墨燃来到楚晚宁旁边,怀罪告诉他:“楚宗师腹中胎儿今已足月,即将临盆,此次危机重重,需要与胎儿有血缘关系的人在旁辅佐。”
因着护云罩的缘故,所以胎儿在楚晚宁身陨后依旧无恙,只是如今楚晚宁无意识,分娩未免危机重重。
听了怀罪的话,墨燃刚修好的花瓶又碎了些,他道:“大师,有别的法子吗?孩子的另一个父亲,我……我不知道是谁?”
怀罪叹了一口气,有些怜悯的道:“施主不知,是不知楚宗师心意,是不知他做的那些事,是不知楚宗师只与你一人,是不知孩子的父亲就是你自己。”说完“阿弥陀佛”向远方作了一揖,继续说道:“施主,该点灯了。”
怀罪一连串的话丝毫不给墨燃任何喘息的时间,一股脑全砸了过来,砸的对方晕头转向,似是怀疑,不敢相信道:“大师说的这些……可是真的?”
怀罪只道:“孩子与你有着千丝万缕的关系,这一点,贫僧绝不会探错,要错也是施主你看不明白罢了。”
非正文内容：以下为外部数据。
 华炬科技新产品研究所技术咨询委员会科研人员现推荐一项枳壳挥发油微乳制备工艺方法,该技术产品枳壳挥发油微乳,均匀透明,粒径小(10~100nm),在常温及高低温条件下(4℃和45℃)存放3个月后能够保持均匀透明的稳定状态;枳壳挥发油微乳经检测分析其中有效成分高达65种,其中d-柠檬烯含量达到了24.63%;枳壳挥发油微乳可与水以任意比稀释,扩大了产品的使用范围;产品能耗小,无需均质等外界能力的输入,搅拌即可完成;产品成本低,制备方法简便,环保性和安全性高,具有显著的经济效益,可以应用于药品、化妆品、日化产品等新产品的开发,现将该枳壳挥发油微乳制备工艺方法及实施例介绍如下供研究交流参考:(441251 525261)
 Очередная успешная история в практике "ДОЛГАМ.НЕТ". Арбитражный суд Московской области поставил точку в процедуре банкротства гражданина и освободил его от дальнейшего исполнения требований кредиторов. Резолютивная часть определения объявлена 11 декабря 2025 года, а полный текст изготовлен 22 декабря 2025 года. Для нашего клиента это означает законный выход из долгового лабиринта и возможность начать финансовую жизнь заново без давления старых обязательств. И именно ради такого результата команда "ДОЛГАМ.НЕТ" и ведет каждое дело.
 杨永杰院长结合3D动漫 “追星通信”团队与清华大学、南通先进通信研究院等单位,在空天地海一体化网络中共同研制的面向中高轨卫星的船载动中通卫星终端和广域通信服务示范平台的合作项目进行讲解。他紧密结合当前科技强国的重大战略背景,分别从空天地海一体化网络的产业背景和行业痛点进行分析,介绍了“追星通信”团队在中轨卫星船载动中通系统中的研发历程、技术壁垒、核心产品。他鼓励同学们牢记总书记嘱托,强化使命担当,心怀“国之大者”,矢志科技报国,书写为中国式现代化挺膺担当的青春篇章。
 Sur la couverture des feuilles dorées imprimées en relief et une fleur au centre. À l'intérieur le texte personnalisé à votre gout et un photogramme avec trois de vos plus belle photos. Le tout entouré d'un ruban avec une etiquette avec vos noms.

墨燃愣了一下,试探问:“可是我那几个月……”他自动省略了后面的话。
怀罪知晓墨燃的未尽之言,不作解释,直接道:“这些事过后贫僧自会一一解释,当下,就问施主一句话,信不信楚宗师?若信,烦请施主助我一臂之力,若不信,楚宗师性命忧天。”
看似给了他选择,但根本没法选择,只余一条路可走。
最终,墨燃还是选择相信,他没得选。
灯火映帐,红莲水榭内,楚晚宁平静的躺着。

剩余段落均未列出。